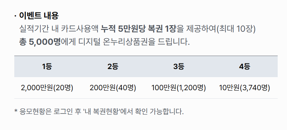 - 응모 기준: 5만 원당 복권 1장, 최대 10장(50만 원까지)
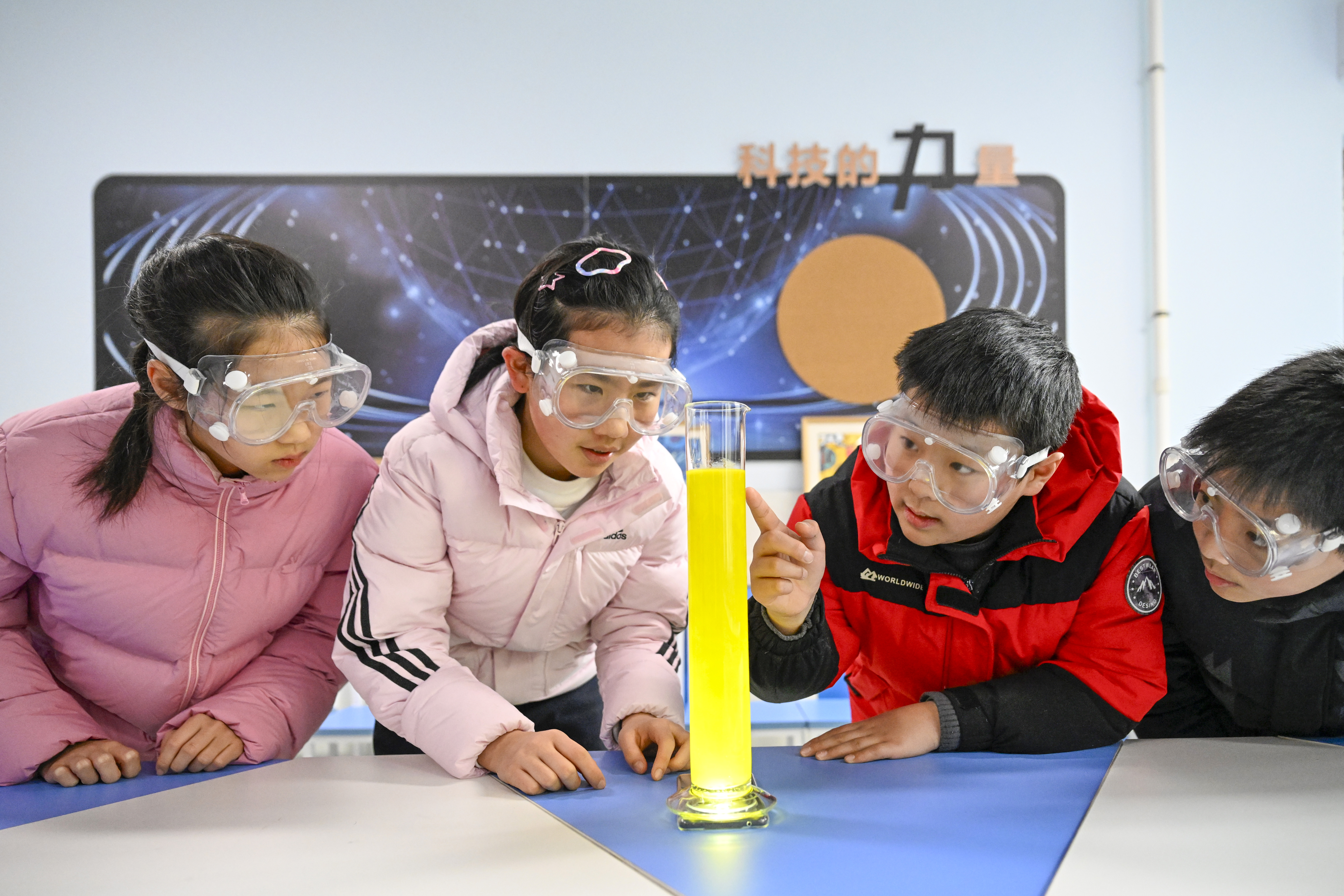 2月3日,在安徽省合肥市庐阳区海棠街道党群服务中心,小朋友们正在多彩兴趣班学习科技技能。赵明 摄
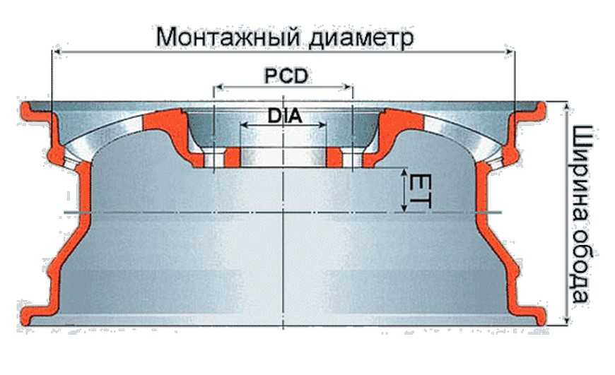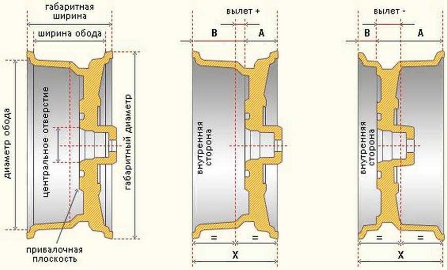 Второй важнейший параметр в маркировке дисков автомобиля — вылет (ET). Это расстояние от точки, где крепится диск к ступице, до проекции привалочной плоскости, измеряется в миллиметрах. На что указывает колесный вылет:
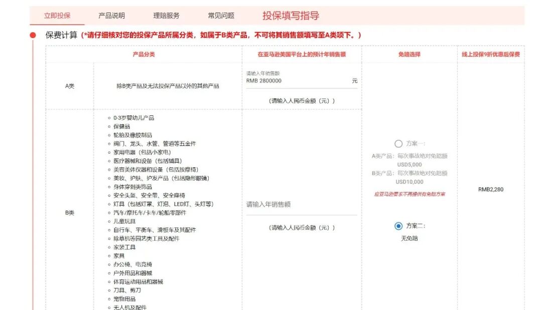 且针对前12个月的销售额超过 100 万美元的卖家,可以出“有免赔额”的保险方案!

→ **Instructions for the task**:
Beginning with the line that contains "Второй важнейший параметр" and ending with the last line of the data, restate each line word for word. Exclude the pictures.

→ **Written response**:
 Второй важнейший параметр в маркировке дисков автомобиля — вылет (ET). Это расстояние от точки, где крепится диск к ступице, до проекции привалочной плоскости, измеряется в миллиметрах. На что указывает колесный вылет:
 且针对前12个月的销售额超过 100 万美元的卖家,可以出“有免赔额”的保险方案!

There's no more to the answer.